Give the interpretation of the concepts dimensions in the latent space into a human-readable format. The interpretation is a mapping between the concepts indices and a list of inputs allowing to interpret them. The granularity of input examples is determined by the activation_granularity class attribute.

The returned inputs are the most activating inputs for the concepts.

If all activations are zero, the corresponding concept interpretation is set to None.

Parameters:

Name Type Description Default

concepts_indices

int | list[int] | Literal['all']

The indices of the concepts to interpret. If "all", all concepts are interpreted.

'all'

inputs

list[str] | None

The inputs to use for the interpretation. Necessary if not use_vocab,as examples are extracted from the inputs.

None

latent_activations

Float[Tensor, 'nl d'] | None

The latent activations matching the inputs. If not provided, it is computed from the inputs.

None

concepts_activations

Float[Tensor, 'nl cpt'] | None

The concepts activations matching the inputs. If not provided, it is computed from the inputs or latent activations.

None

Returns:

Type Description
Mapping[int, Any]

Mapping[int, Any]: The interpretation of the concepts indices.

Source code in interpreto/concepts/interpretations/topk_inputs.py
def interpret(
    self,
    concepts_indices: int | list[int] | Literal["all"] = "all",
    inputs: list[str] | None = None,
    latent_activations: LatentActivations | None = None,
    concepts_activations: ConceptsActivations | None = None,
) -> Mapping[int, Any]:
    """
    Give the interpretation of the concepts dimensions in the latent space into a human-readable format.
    The interpretation is a mapping between the concepts indices and a list of inputs allowing to interpret them.
    The granularity of input examples is determined by the `activation_granularity` class attribute.

    The returned inputs are the most activating inputs for the concepts.

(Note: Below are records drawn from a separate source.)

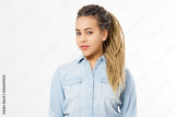 African american girl in fashion clothes isolated on white background. Woman hipster with afro hair style. Copy space
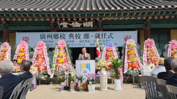 [광성일보] (재)경기도향교재단 광주향교는 지난 29일 광주향교 대성전에서 광주향교 전교 이·취임식을 개최했다.이날 행사는 유림 임원을 비롯해 이현재 하남시장, 방세환 광주시장, 최종윤 국회의원 등 내외빈 100여명이 참석한 가운데 ▲개회 ▲문묘향배 ▲내빈소개 ▲이임사 ▲취임사 ▲축사 ▲축하공연 ▲폐회 순으로 진행됐다.
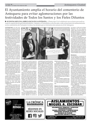 La Junta de Andalucía ha comenzado la ampliación de los centros de salud de Mollina y Campillos con una inversión de 390.000 euros para mejorar la atención sanitaria en respuesta al COVID-19. Asimismo, se han implementado medidas sanitarias especiales para las celebraciones del Día de Todos los Santos en el cementerio municipal de Antequera, incluyendo la ampliación de horarios y servicios de ambulancia. Además, se ha inaugurado una exposición del artista Andrés Mérida, que muestra 42 obras representativas de su evolución artística a lo largo de la última década.
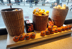 Pumpkin Things in a Row I found at the Waitrose Supermarket, Finchley Road, London. Mrs. Jim bought one of the small pumpkins for £.99 to make the jack-o-lantern in the picture below. We have been using it as a center piece on the dining table now for a week.
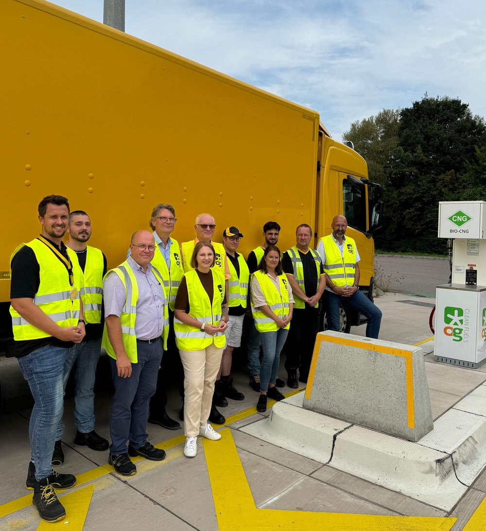 Neben dem weiter wachsenden öffentlichen Tankstellennetz von OG hat das Unternehmen für DHL eine maßgeschneiderte Infrastruktur realisiert. Während DHL bei den kleinen Transportern für die sogenannte letzte Meile auf E-Fahrzeuge setzt, wird das Ziel der klimaneutralen Logistik bei die schweren Lkw mit Bio-CNG erreicht. Bei dem Besuch der CNG-Tankstelle in Lahr wurde den beiden Abgeordneten die Tankinfrastruktur sowie auch der Tankvorgang selbst gezeigt. Innerhalb von zehn Minuten ist ein Gas-LKW betankt und kann mit einer Tankkapazität von 120 bis 180 Kilogramm 500 bis 700 km weit fahren.

    If all activations are zero, the corresponding concept interpretation is set to `None`.

    Args:
        concepts_indices (int | list[int] | Literal["all"]):
            The indices of the concepts to interpret. If "all", all concepts are interpreted.

        inputs (list[str] | None):
            The inputs to use for the interpretation.
            Necessary if not `use_vocab`,as examples are extracted from the inputs.

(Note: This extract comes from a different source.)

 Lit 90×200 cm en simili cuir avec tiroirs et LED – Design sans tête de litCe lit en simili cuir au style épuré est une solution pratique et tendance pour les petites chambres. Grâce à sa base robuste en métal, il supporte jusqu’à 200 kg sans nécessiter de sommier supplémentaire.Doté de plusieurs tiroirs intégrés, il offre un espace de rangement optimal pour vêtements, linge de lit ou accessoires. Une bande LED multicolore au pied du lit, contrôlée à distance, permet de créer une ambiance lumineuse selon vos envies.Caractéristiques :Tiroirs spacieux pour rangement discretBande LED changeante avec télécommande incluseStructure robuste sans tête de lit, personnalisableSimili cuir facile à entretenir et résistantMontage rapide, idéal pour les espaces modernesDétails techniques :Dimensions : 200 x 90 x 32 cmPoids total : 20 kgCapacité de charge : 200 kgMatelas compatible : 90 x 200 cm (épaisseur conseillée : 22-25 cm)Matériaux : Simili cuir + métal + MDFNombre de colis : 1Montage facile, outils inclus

        latent_activations (Float[torch.Tensor, "nl d"] | None):
            The latent activations matching the inputs. If not provided,
            it is computed from the inputs.

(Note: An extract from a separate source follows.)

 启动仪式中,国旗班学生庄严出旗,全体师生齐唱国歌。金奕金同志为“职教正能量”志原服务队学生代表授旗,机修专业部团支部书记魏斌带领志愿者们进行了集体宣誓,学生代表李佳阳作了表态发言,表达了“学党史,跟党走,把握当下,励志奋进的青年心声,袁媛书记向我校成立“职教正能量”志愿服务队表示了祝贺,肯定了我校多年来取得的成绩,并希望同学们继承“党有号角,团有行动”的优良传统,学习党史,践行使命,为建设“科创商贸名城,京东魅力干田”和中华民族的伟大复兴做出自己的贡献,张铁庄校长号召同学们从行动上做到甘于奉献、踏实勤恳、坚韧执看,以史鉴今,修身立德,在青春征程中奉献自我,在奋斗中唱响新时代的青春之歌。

        concepts_activations (Float[torch.Tensor, "nl cpt"] | None):
            The concepts activations matching the inputs. If not provided,
            it is computed from the inputs or latent activations.

    Returns:
        Mapping[int, Any]: The interpretation of the concepts indices.

    """
    sure_concepts_indices, granular_inputs, sure_concepts_activations, _ = (
        self.get_granular_inputs_and_concept_activations(
            concepts_indices=concepts_indices,
            inputs=inputs,
            latent_activations=latent_activations,
            concepts_activations=concepts_activations,
        )
    )
    sure_concepts_indices: list[int]
    granular_inputs: list[str]
    sure_concepts_activations: torch.Tensor

    return self._topk_inputs_from_concepts_activations(
        inputs=granular_inputs,
        concepts_activations=sure_concepts_activations,
        concepts_indices=sure_concepts_indices,
    )

interpreto.concepts.interpretations.extract_ngrams

extract_ngrams(inputs, n=1, count_min_threshold=1, return_counts=False, lemmatize=False, words_to_ignore=None)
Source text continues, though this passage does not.